Skip the pictures. Output only the lines below starting at the line with "Sac fourre tout, couleur" and ending at the line with "De warmte accumulatie", both ends included, exactly as they are.

**Provided data:**
########
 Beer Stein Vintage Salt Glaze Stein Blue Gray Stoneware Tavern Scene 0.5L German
########
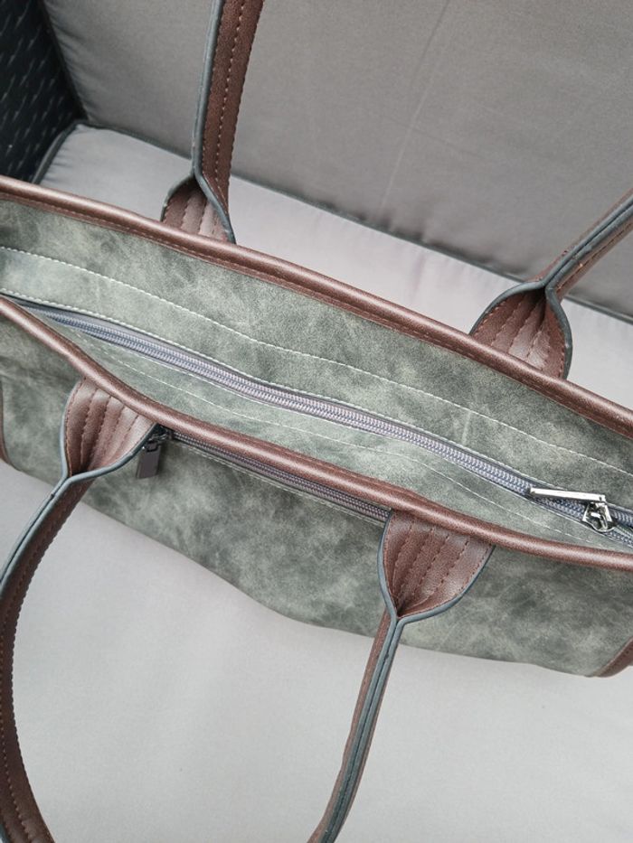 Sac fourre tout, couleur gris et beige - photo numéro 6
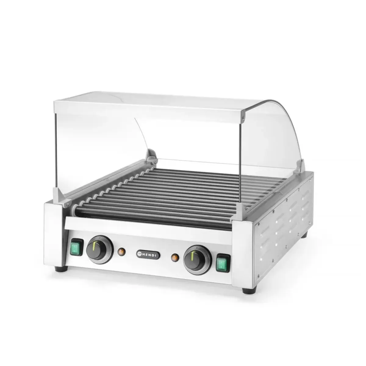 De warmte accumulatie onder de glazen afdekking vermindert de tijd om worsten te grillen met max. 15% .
########
**Task result:**
 Sac fourre tout, couleur gris et beige - photo numéro 6
 De warmte accumulatie onder de glazen afdekking vermindert de tijd om worsten te grillen met max. 15% .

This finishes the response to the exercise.